- WHAT IS EXPECTED: Set down, exactly and only, everything from the line containing "BOLAGILA JACKPOT LIVE" down to the line containing "Back on Earth, we" in the data below; the pictures are not part of the copy.

- SUPPLIED MATERIAL:
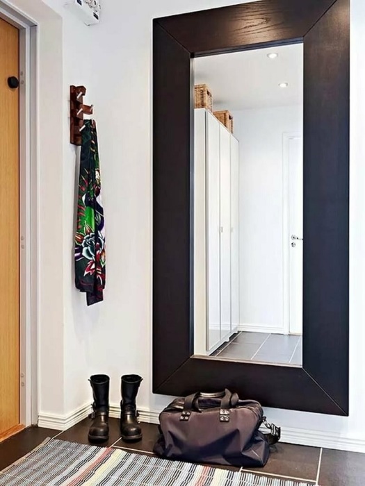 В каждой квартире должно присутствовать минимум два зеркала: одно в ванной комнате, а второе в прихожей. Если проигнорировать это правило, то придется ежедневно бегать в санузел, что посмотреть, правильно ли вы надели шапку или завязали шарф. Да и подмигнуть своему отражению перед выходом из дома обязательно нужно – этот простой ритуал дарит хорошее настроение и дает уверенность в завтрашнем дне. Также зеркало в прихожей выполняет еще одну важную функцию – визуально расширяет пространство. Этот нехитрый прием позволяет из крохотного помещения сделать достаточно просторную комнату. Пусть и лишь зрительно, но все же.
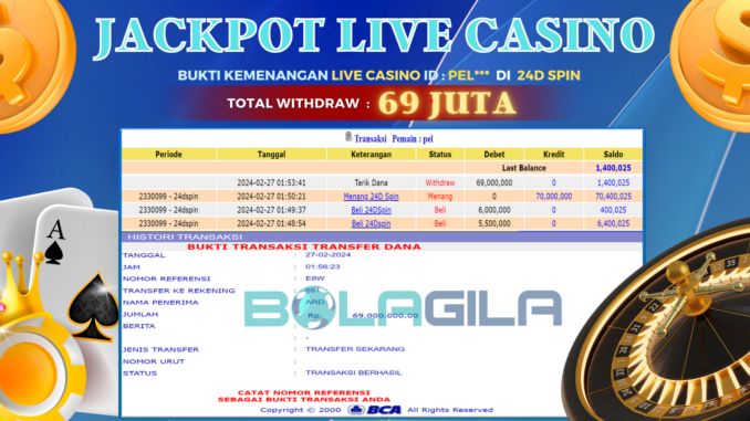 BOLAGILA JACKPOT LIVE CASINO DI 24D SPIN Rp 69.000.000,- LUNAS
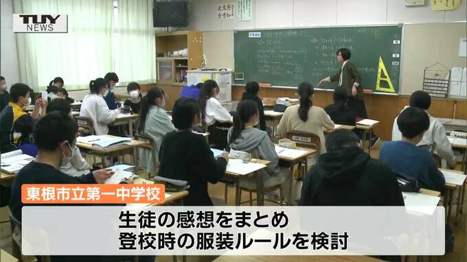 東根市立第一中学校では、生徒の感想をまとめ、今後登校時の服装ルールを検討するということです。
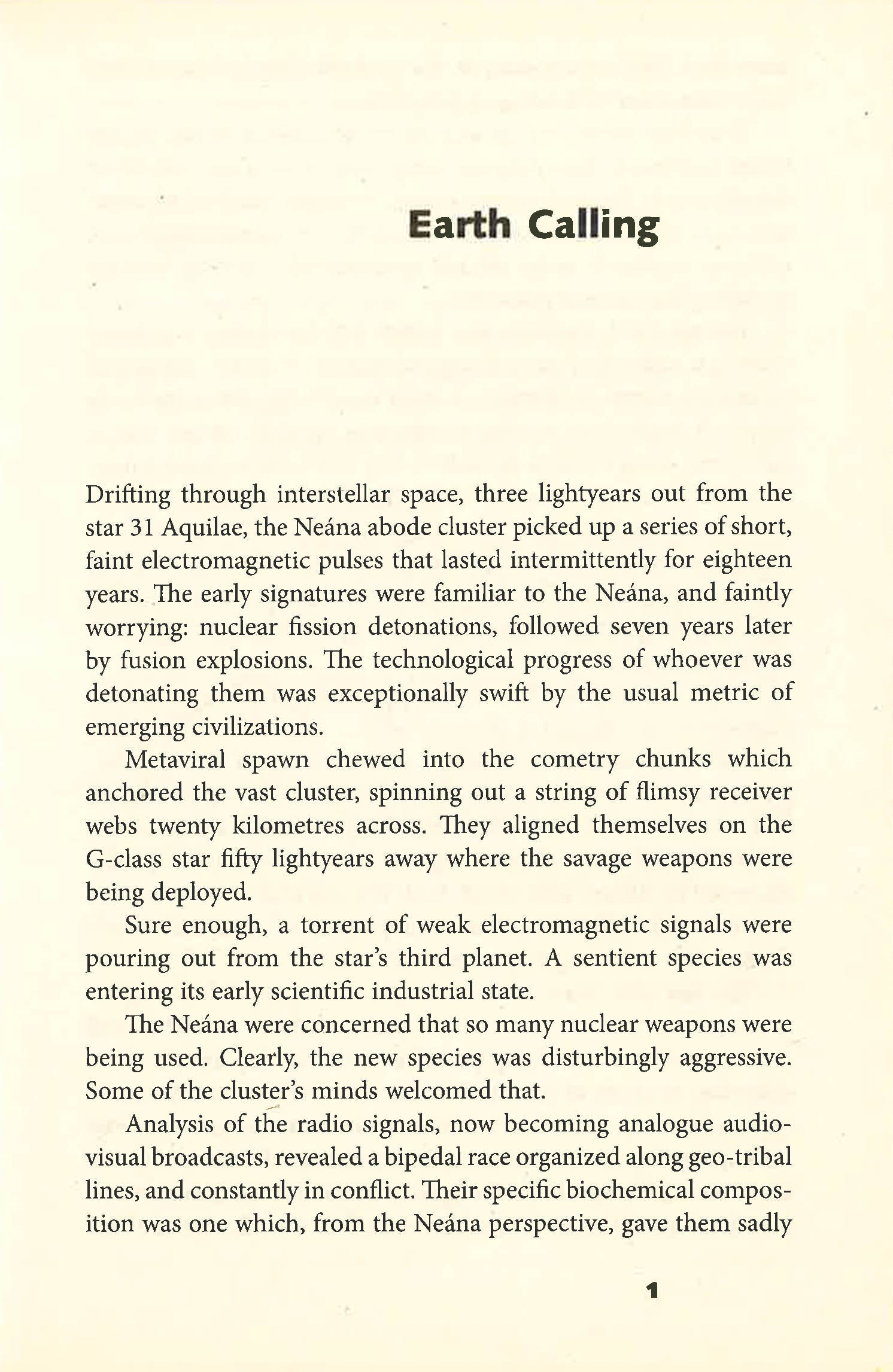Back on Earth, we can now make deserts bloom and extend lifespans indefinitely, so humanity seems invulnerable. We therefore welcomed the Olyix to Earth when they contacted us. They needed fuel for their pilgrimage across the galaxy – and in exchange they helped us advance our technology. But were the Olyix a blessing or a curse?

* * *

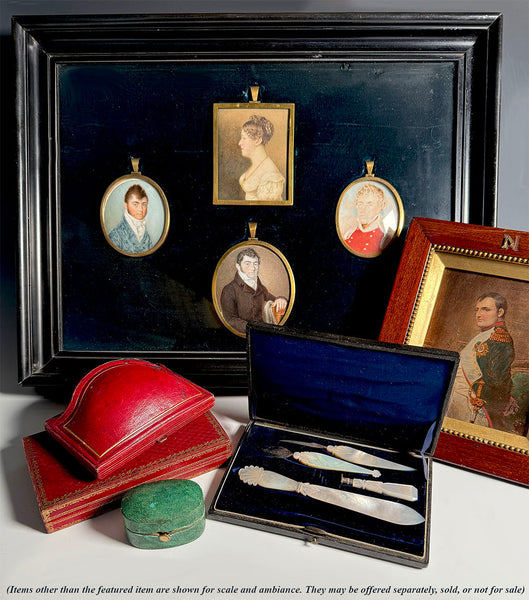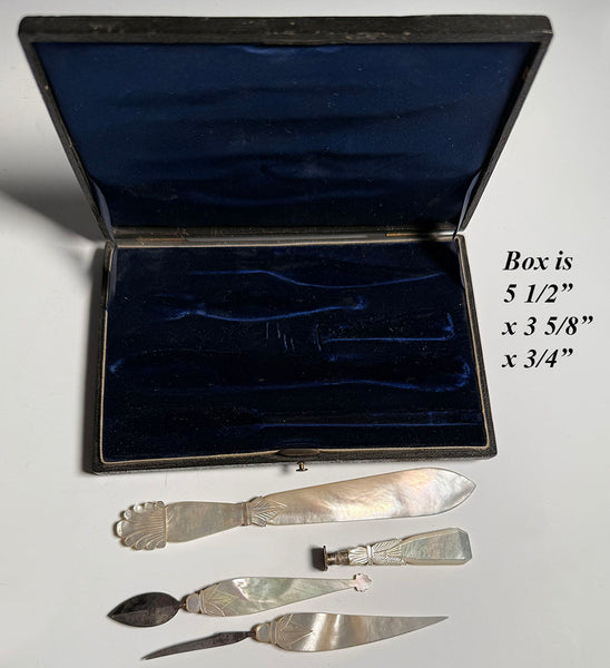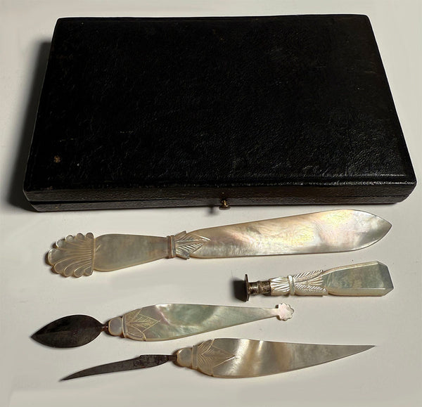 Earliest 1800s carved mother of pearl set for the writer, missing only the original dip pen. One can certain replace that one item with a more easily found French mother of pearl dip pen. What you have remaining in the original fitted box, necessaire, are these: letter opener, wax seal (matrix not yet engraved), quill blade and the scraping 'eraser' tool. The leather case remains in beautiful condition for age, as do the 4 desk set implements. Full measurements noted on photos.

- TASK RESPONSE:
 BOLAGILA JACKPOT LIVE CASINO DI 24D SPIN Rp 69.000.000,- LUNAS
 東根市立第一中学校では、生徒の感想をまとめ、今後登校時の服装ルールを検討するということです。
Back on Earth, we can now make deserts bloom and extend lifespans indefinitely, so humanity seems invulnerable. We therefore welcomed the Olyix to Earth when they contacted us. They needed fuel for their pilgrimage across the galaxy – and in exchange they helped us advance our technology. But were the Olyix a blessing or a curse?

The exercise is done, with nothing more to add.